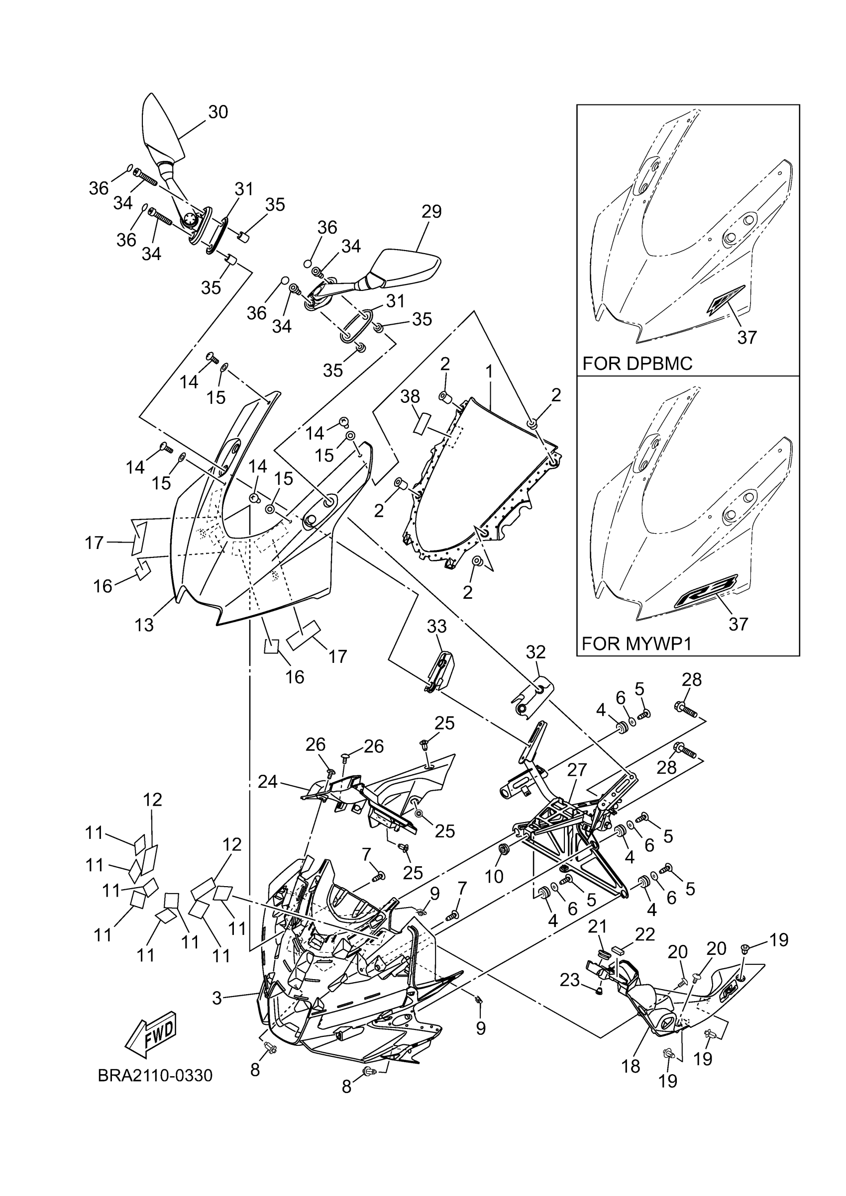 Yamaha YZFR3ASW (YZFR3 ABS) BRA22 2025 WINDSHIELD Diagram
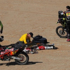 El percance es todavía más serio si se tiene en cuenta que esta es la etapa maratón del Dakar, donde los competidores no disponen de sus mecánicos para reparar sus unidades y cualquier avería deberá ser solucionada por la tripulación.
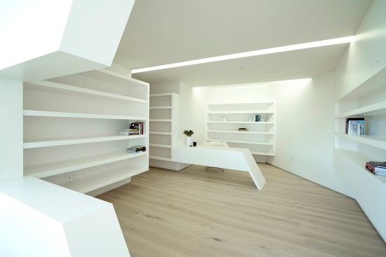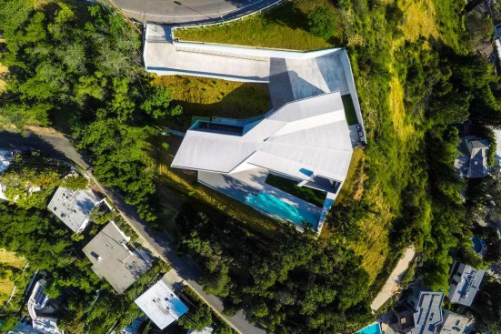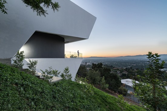 The house on the cusp of a fold in the Hollywood Hills identifies the differential complexity of the steep hillside as its functional and formal generator. The stark, rigid appearance enters a dialogue with the landscape, defining itself as a real object through the process of alienating its context. This alienation is at the same time natural in the way a rock formation identifies itself through the process of unearthing. A matrix of complex parameters was identified early in the process of design as the programmatic needs, budgetary requirements, code regulations, environmental constraints and formal aspirations gradually came to being. These parameters superimposed forces on the raw massing of the project that developed the final form through an evolutionary iterative process.

******************************

Ending at the line with "El percance es", reproduce exactly the lines that begin at the top of the data, and include no pictures.

EXERCISE ANSWER
 Yamaha YZFR3ASW (YZFR3 ABS) BRA22 2025 WINDSHIELD Diagram
 El percance es todavía más serio si se tiene en cuenta que esta es la etapa maratón del Dakar, donde los competidores no disponen de sus mecánicos para reparar sus unidades y cualquier avería deberá ser solucionada por la tripulación.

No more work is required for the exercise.